The important part, he noted, was that the patient's smile was back, he could talk, and he didn't have a jagged front tooth.

While that kind of service sounds ideal for the practice and the patient, it takes coordination and patience from all involved, he said.

"You have an extra chair in the office," said Dr. Schulz, noting that you also have assistants who are trained to handle a situation such as this.

Because of technology improvements, some of the work can be delegated, he noted.

"Some of the technology today is so good and so easy to use that you can train assistants to do a majority of it," he said. "The technology has become better and better and doesn't require as much 'doctor time' as it used to."

Dr. Schulz offered another example in which he told a patient that a restoration might take longer than the usual time -- a couple of hours versus 90 minutes -- to be completed.

The emergency patient has to be patient, he noted, but he added "I can work around our already scheduled patients."

Technology is what allows this treatment to happen, Dr. Schulz said.

"When you do Cerec dentistry, you have downtime," he said. "You are going to do whatever is necessary in the chair and prep the tooth, and then there is some time that the restoration has to be milled, which is anywhere from eight to 12 minutes."

During that time, Dr. Schulz has patients use his practice's massage chairs while he works with other patients.

As your practice evolves into a same-day dentistry practice, there are still times when you may have to send a restoration to a lab, such as for aesthetics or anterior work that may not be an efficient use of your time.

"For patients who have experienced same-day dentistry, they act hurt when you have to send it to a lab," he noted.

Sleep apnea

Schulz noted that treating patients for sleep apnea is a growing part of his practice.

"Sleep dentistry is a burgeoning part of dentistry, and we'll probably see more of these patients," he said.

New sleep apnea 3D visualization with SICAT Air software (Sirona) to highlight constrictions in the airway and determine an effective jaw position is scheduled to be introduced in the next months, he noted.

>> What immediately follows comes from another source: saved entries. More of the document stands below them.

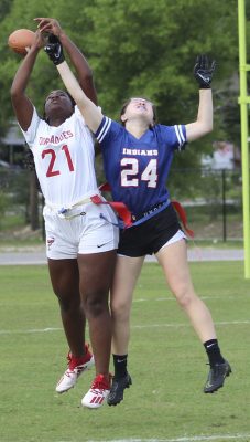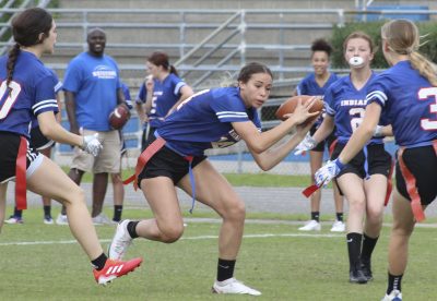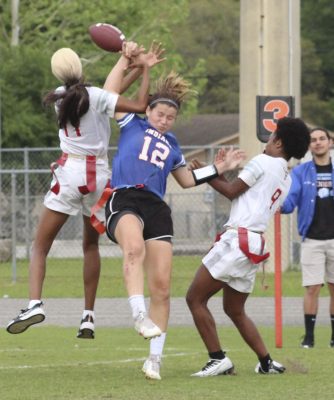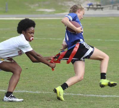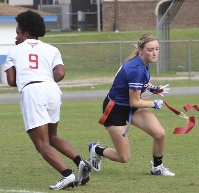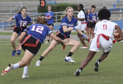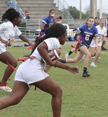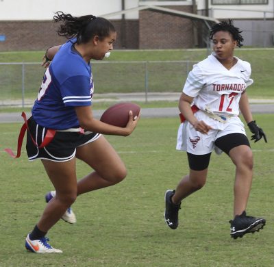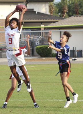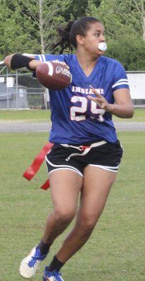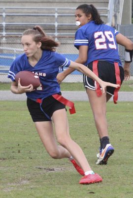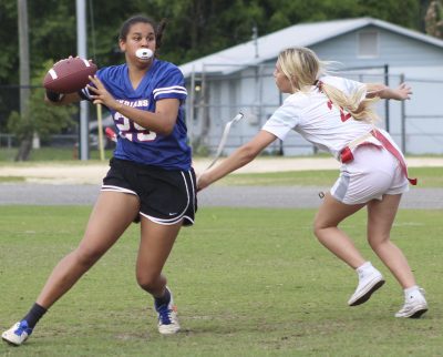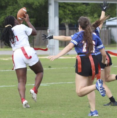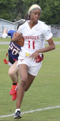 Quarterback Nichelle Brown accounted for three touchdowns and also made two interceptions on defense in the Bradford High School girls flag football team’s 19-6 win over host Keystone Heights on April 6.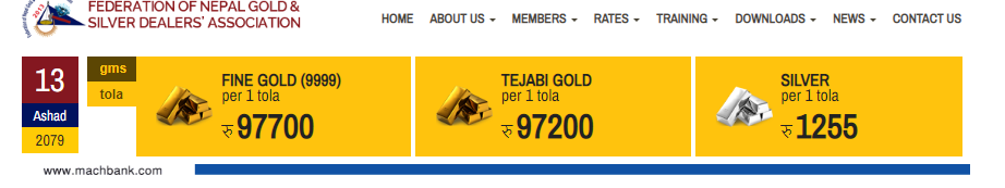 यस्तै, चाँदीको मूल्य पनि आइतबार १० रुपैयाँले बढेर १ हजार २ सय ५५ रुपैयाँमा कारोबार भइरहेको महासंघले बताएकाे छ।
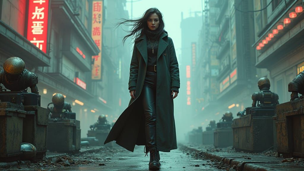 A striking picture of a woman standing in a desolate, futuristic city among discarded robots. The image is rendered in a retro-futuristic style with neon highlights and a post-apocalyptic mood.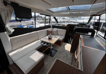 New to our inventory, this targa cruiser delivered in 2019 to its first and unique owner is in an absolute mint condition and is a perfect opportunity to enter into the nautical world with a polyvalent and family-oriented qualitative yacht. This Jeanneau NC37, with low engine hours is VAT paid, and is equipped with the full range of options, which are characterized by both plenty of interior and exterior space for its length. She comes in a 3 cabin layout version and can accomodate up to 8 guests, including the saloon's convertible sofa to a double-bed. This boat, visible in the Netherlands always sailed in softwater navigation zones, she is up-to-date as for technical maintenance and ready to start the summer season with her next owner.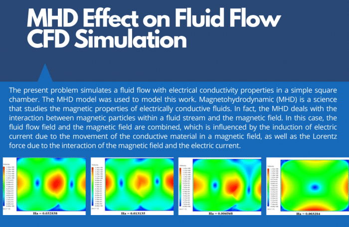 The 10th practical exercise simulates a fluid flow with electrical conductivity properties in a simple square chamber by ANSYS Fluent software. The MHD model was used to model this project. Magnetohydrodynamics (MHD) is a science that studies the magnetic properties of electrically conductive fluids. In fact, the MHD deals with the interaction between magnetic particles within a fluid stream and the magnetic field.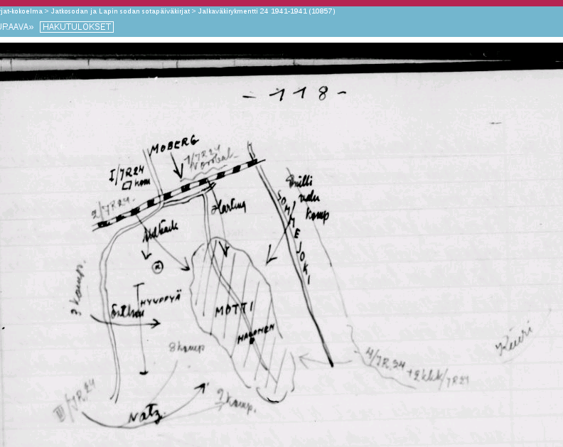 Эта и другие фотографии этого места можно найти следующим образом: сайт sa-kuva.fi , выбираем обязательно финский интерфейс (в других поиск не настолько полный), затем вкладка Jatkosota (даты периода поиска не трогаем), ставим галочку +päivättömät, в поле поиска вводим номер фото 42031 и нажимаем кнопку "Hae"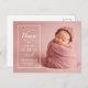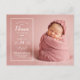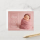 Cartes postales de naissance de bébé fille personnalisées et abordables. Ce design tendance présente une typographie moderne personnalisée avec le nom du bébé et les statistiques de naissance et une photo plein cadre. Ajoutez un message personnalisé ou des photos supplémentaires au verso si nécessaire. Utilisez les outils de conception pour personnaliser les polices et les couleurs du texte pour créer une carte postale d'annonce de naissance unique pour votre nouveau-né.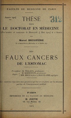 Des faux cancers de l'estomac ... / par Marcel Bruguière.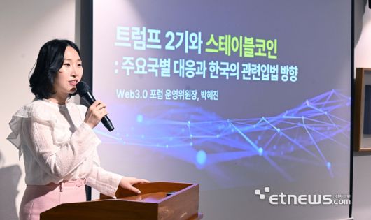 웹3.0 포럼 2025 조찬 라운드 테이블이 14일 서울 중구 달개비에서 열렸다. 박혜진 웹3.0 포럼 운영위원장이 '트럼프 2기와 스테이블코인 : 주요국별 대응과 한국의 관련입법 방향'에 대해 발표하고 있다. 박지호기자 jihopress@etnews.com [Copyright © 전자신문. 무단전재-재배포금지]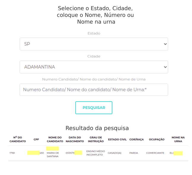 majoritárias e proporcionais, que, retornará numa modalidade, informações pessoais sobre o (a) mesmo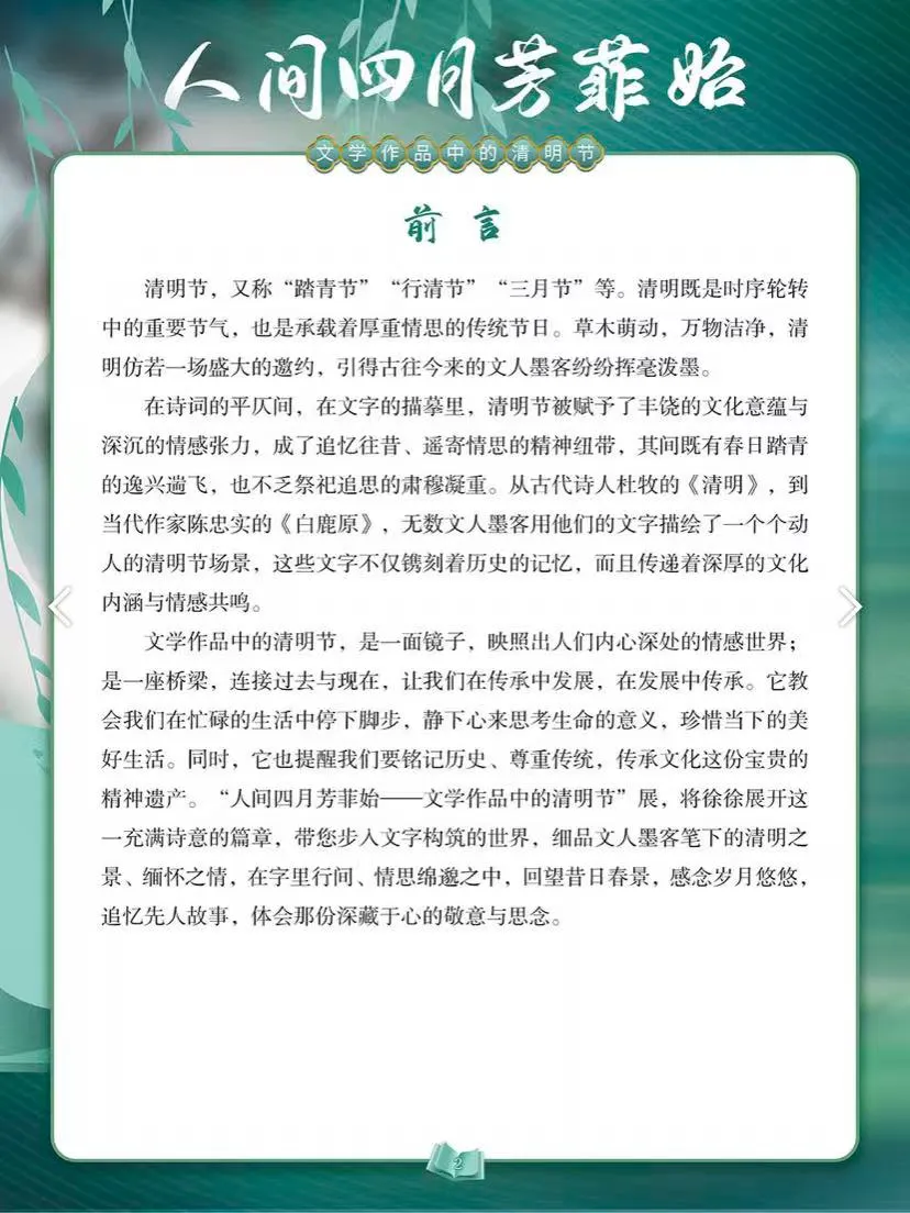 在清明节到来之际,我们特别策划了本展览,透过文学作品的独特视角,探索这一传统节日蕴含的深厚文化与情感纽带。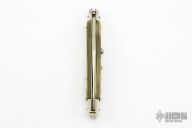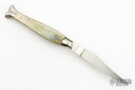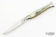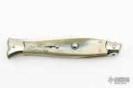 This Fish side opening automatic by AKC Italy features a satin finished clip point blade. The handle has nickel silver bolsters, front and rear, honey horn scales, brass liners, and a stainless steel backspacer. Has safety. The action and safety are loose.  Has a few small divots in the horn, otherwise excellent condition.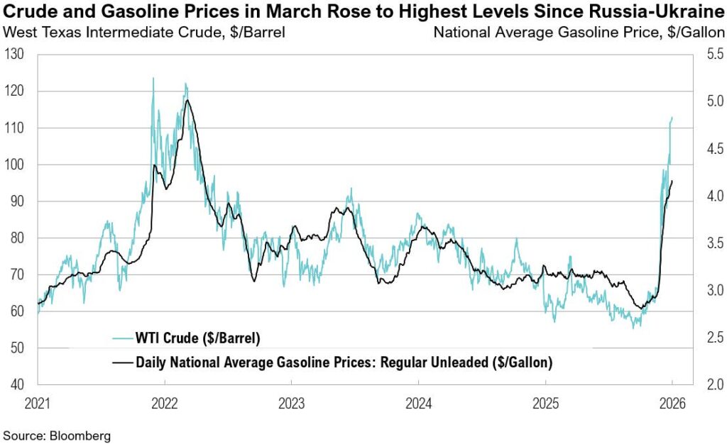 ■ U.S.–Israeli strikes on Iran effectively closed the Strait of Hormuz. Crude oil surged from $57 to $101 per barrel in March. This pushed U.S. fuel prices to four-year highs, amplifying inflationary pressures.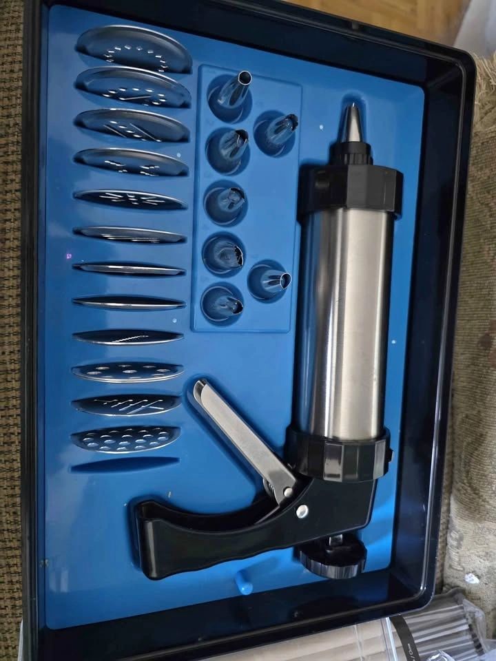 Awesome cookie press set. Has a stainless steel cookie press gun. Comes with lots of cookie discs and decorating tips. All in its own storage case.

"Every patient that comes into our practice, we do a 3D scan," he said. "Sometimes you look at an airway and it looks like two straws side by side. I had a patient who weighed 280 pounds and was breathing through two thin straws. I wanted to ask, 'How are you alive?' "

His practice is also making more referrals to sleep studies.

"Without sleep studies, you can't appropriately treat the patient," Dr. Schulz said. "Patients sometimes balk at [the treatment], but we've never had a quantitative way to measure what is happening in the airway until now."

In his practice, patients have a preappliance scan, then another one three months after beginning to use the appliance.

The sleep apnea market is hardly touched by the general dentist today. "Yet over the next 10 years, it will become a big part of practices," he noted.

What is important to Dr. Schulz is treating the person, not just the tooth.

"When you change a person's sleep, for instance, you change their well-being," he said. "We are not just tooth dentists anymore. As much as we do on teeth, it's a person we are helping. These new technologies allow us to see more and do more, because whatever we can do to impact and improve a patient's life, that is what we are here for."